New York trial court dismisses slander per se claim against actor Alec Baldwin stemming from his comments made after dispute over Manhattan parking spot, finding comments to be merely opinion and did not accuse plaintiff driver of “serious crime.”

In November 2018, actor Alec Baldwin engaged in a widely publicized dispute with Wojciech Cieszkowski over a Manhattan parking spot. The conflict began when Cieszkowski allegedly stole a parking space that Baldwin’s wife had been saving and ended with Baldwin’s arrest after Cieszkowski told authorities that the actor punched him in the jaw, which Baldwin has denied. Baldwin was subsequently charged with third-degree attempted assault and second-degree harassment. Baldwin pleaded guilty to second-degree harassment in January 2019 and agreed to participate in an anger management program. Baldwin later appeared on The Ellen Show and The Howard Stern Show, where he discussed the incident.

Specifically, in February 2019 on The Ellen Show, Baldwin said, “Did I have an argument with the guy? Yeah. I thought he was going to run my wife over with his car when he was stealing my parking spot.” When Baldwin appeared on The Howard Stern Show in March 2019, he said, “[W]hen he aggressively takes this parking space, which was not the end of the world, I think he was going to hit my wife and my son. … I thought what he did was impolite, bordering on dangerous.

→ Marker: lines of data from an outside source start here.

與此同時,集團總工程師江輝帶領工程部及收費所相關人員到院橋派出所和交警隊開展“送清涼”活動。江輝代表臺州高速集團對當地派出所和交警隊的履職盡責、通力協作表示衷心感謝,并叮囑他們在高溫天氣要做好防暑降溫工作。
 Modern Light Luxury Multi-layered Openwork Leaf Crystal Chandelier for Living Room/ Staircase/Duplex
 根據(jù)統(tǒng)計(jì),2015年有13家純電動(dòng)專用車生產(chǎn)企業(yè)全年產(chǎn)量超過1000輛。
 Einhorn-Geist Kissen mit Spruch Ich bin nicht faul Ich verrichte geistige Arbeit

He didn’t walk up to me and say, ‘Excuse me, I’ve been waiting here. I’d like to take this space.’ He just went zip!—really fast and really aggressive.”

Cieszkowski subsequently sued Baldwin for assault, battery and slander per se. Baldwin moved to dismiss the slander per se claim, which the court granted.

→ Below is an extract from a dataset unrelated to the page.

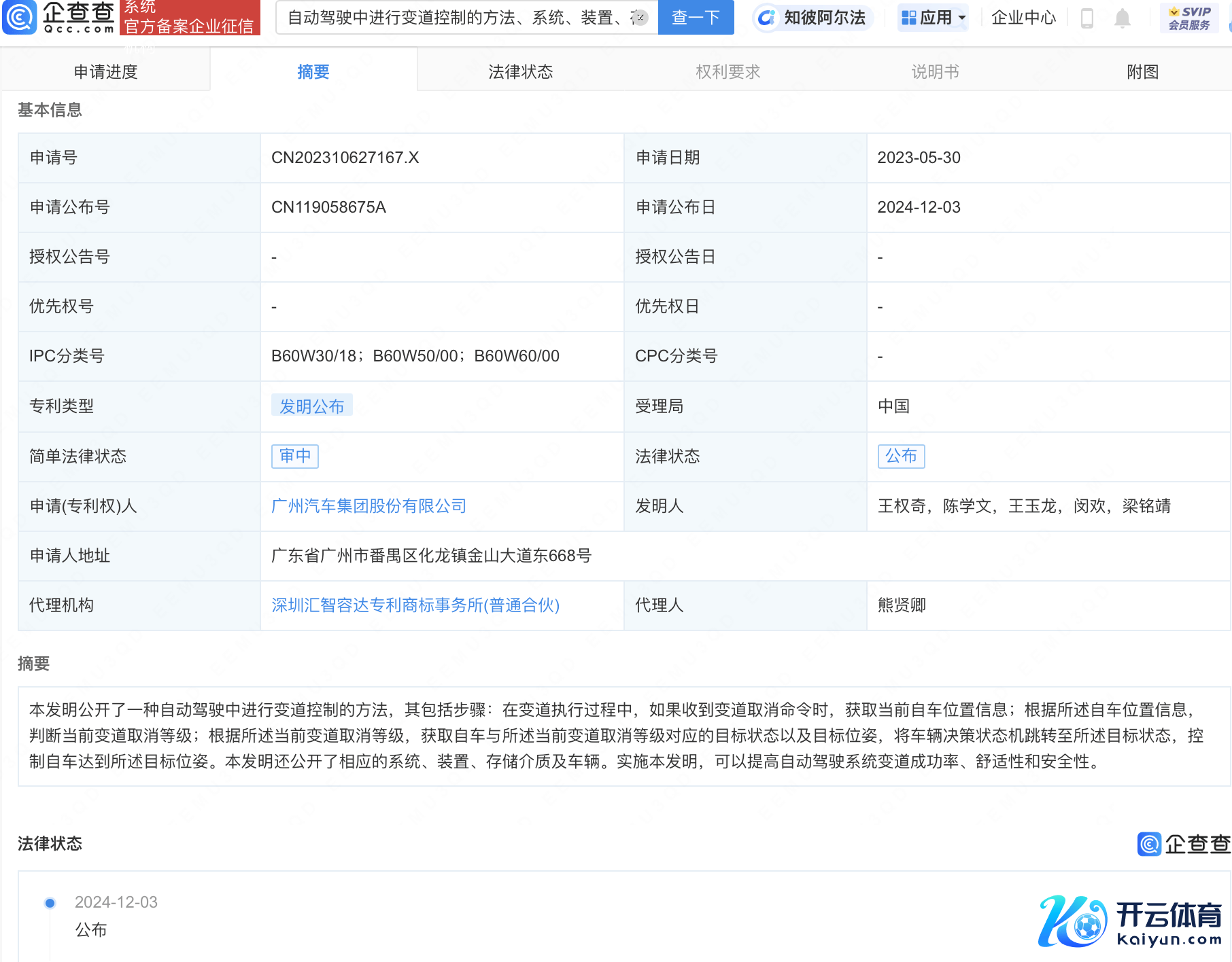 企查查APP显现,近日,广汽集团(601238)恳求的“自动驾驶中进行变谈适度的关节、系统、装配、存储介质及车辆”专利公布。企查查专利摘录显现开云官网切尔西赞助商,该发明在变谈本质流程中,要是收到变谈取消号令时,得到刻下自车位置信息;把柄所述自车位置信息,判断刻下变谈取消等第;把柄所述刻下变谈取消等第,得到自车与所述刻下变谈取消等第对应的观念景色以及观念位姿,将车辆有运筹帷幄景色机跳转至所述观念景色,适度自车达到所述观念位姿。本发明还公开了相应的系统、装配、存储介质及车辆。实施本发明,不错提升自动驾驶系统变谈顺利率、舒心肠和安全性。

Defamation, the court explained, is (1) the making of a false statement; (2) published without privilege or authorization to a third party; (3) constituting fault as judged by, at minimum, a negligence standard; and (4) which causes special harm or constitutes defamation per se. Only statements that purport to convey facts about an individual are actionable; opinions, false or not, are constitutionally protected. Rhetorical hyperbole, vigorous epithets and other imprecise language signal to a reasonable observer that no actual facts are being conveyed and the communication is not actionable.

Under the relevant requirements, slander per se actions are viable only where an alleged false statement “(1) charges the plaintiff with a serious crime; (2) tends to injure the plaintiff in his or her trade, business or profession, (3) imputes to the plaintiff a ‘loathsome disease’; or (4) imputes unchastity to a woman.” The court explained, however, that not every charge of unlawful behavior is slanderous per se; rather, there are many minor offenses that do not constitute a serious crime, even though they have a criminal element.

Analyzing Baldwin’s alleged statements against these requirements, the court held that those statements were neither factual nor accused Cieszkowski of a serious crime.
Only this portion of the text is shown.